Postby guest » Mon Jun 20, 2005 9:58 pm

Official complaints under the competition act against the investment industry RBC in particular, and regulators of the investment industry.

Summary of some of the information sent to the competition bureau:

I recently had opportunity to ask the OSC chair, David Brown, one of the questions relating to misleading investors about investment persons titles.

Here is the question I posed and the answer received from the OSC. It is on the OSC web site inder town hall question and answers.

18. Why are investment salespeople who are officially registered as either "registered representatives", or as "salespeople", at the Securities Commission, allowed to represent themselves to the public as "investment advisors", indicating a different level of fiduciary duty to the public, when the Securities Act is clear on which titles are allowed and which are not?
· OSC answer
· The OSC registers individuals in the categories of salesperson, officer, director or partner. These categories are then further designated as trading or advising. The firm can be registered as either a mutual fund dealer, an investment dealer, or as investment counsel or portfolio manager (ICPM). The latter ICPM category is what we refer to as an adviser (spelled “er”). While advisor (spelled “or”) is widely used in the industry to represent a salesperson or representative, it is not a registration category. The OSC does not register job titles.
I feel that this answer confirmed both my suspicions: (a) that the title is not being used as it is specified in the Securities Act of Canada, and (b) that the OSC is sidestepping the issue for convenience. The public deserve better than a securities regulator that cannot simply enforce the Securities Act.

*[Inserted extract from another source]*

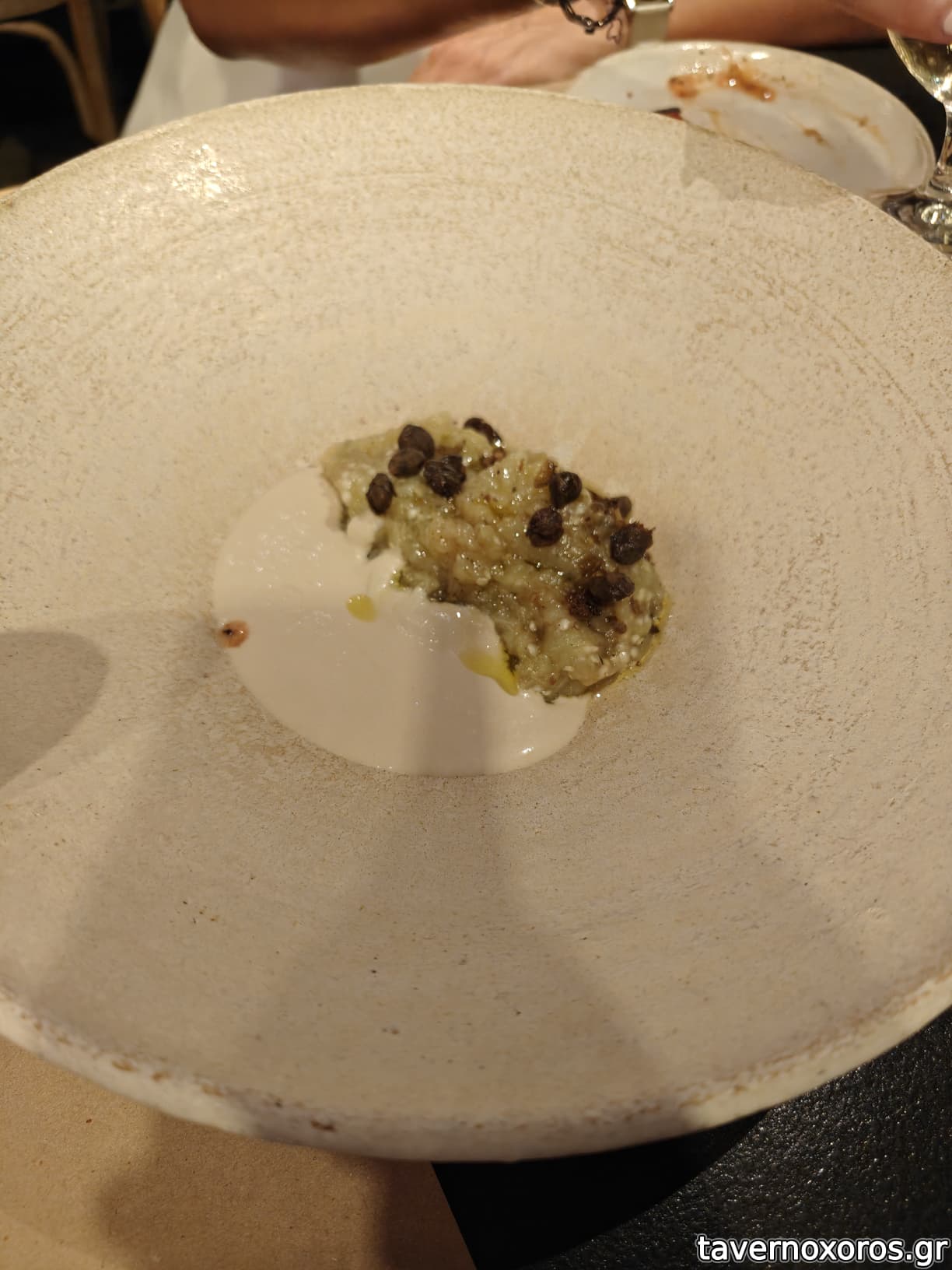 Μελιτζάνα ψητή, κρέμα αμυγδάλου, κάπαρη τηγανητή (πολύ καλή και έντονα καπνιστή η μελιτζάνα)
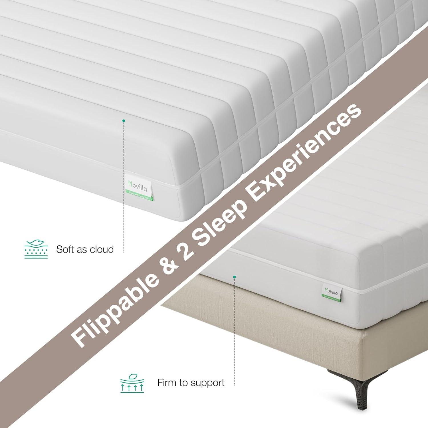 MOTION ISOLATION & BALANCE SUPPORT – The Novilla 10 inch twin mattress features an individual pocket coils spring system that keeps isolating motions from other people or pets sleeping next to you. It balances your body weight, keeps spinal health, provides support and relieves pains. Whether you are a side sleeper, back sleeper or a stomach sleeper, this mattres always gives you a more quiet and deep sleep experience.

I would like to add this to my initial list of complaint of misleading and misrepresenting aspects of the investment industry which I feel your organization may be charged with protecting Canadians from.

Thanks and I look forward to full due dilligence into these charges

----- Original Message -----

To: Daoust, Carey: CAL
Cc: compbureau@cb-bc.gc.ca
Sent: Wednesday, May 25, 2005 11:31 PM
Subject: official complaints of securities practices that appear to violate portions of the competition act

Criminal Provisions of Competition Act and Misleading Advertising May Apply
1. In order to proceed on a criminal track both of the following criteria must be satisfied:
(a) there must be clear and compelling evidence suggesting that the accused knowingly or recklessly made a false or misleading representation to the public. An example of such evidence is the continuation of a practice by the accused after complaints have been made by consumers directly to the accused; and

(b) if there is clear and compelling evidence that the accused knowingly or recklessly made a false or misleading representation to the public, and this evidence is available, the Bureau must also be satisfied that criminal prosecution would be in the public interest.
2. The factors to be taken into account in making this public interest determination will vary from case to case, and may include the seriousness of the alleged offence and mitigating factors.
3. The seriousness of the alleged offence will include a consideration of:
(a) whether there was substantial harm to consumers or competitors which could not be adequately dealt with by available civil remedies;
(b) whether the deceptive practices targeted or took unfair advantage of vulnerable groups (e.g., children and seniors);
(c) whether the persons involved failed to make timely and effective attempts to remedy the adverse effects of the conduct, or whether the conduct continued after corporate officials became aware of it;
(d) whether the conduct involved a failure to comply with a previous undertaking, a promised voluntary corrective action, or a prohibition order; and
(e) whether the persons had engaged in similar conduct in the past.
4. Mitigating factors will include a consideration of:
(a) whether the consequences of a prosecution or conviction would be disproportionately harsh or oppressive; and
(b) whether the company or entity has in place an effective compliance program.
5. If, on balance, the Bureau is satisfied that the circumstances of the case warrant criminal prosecution, a recommendation may be made to the Attorney General of Canada who will make the ultimate determination of whether to proceed.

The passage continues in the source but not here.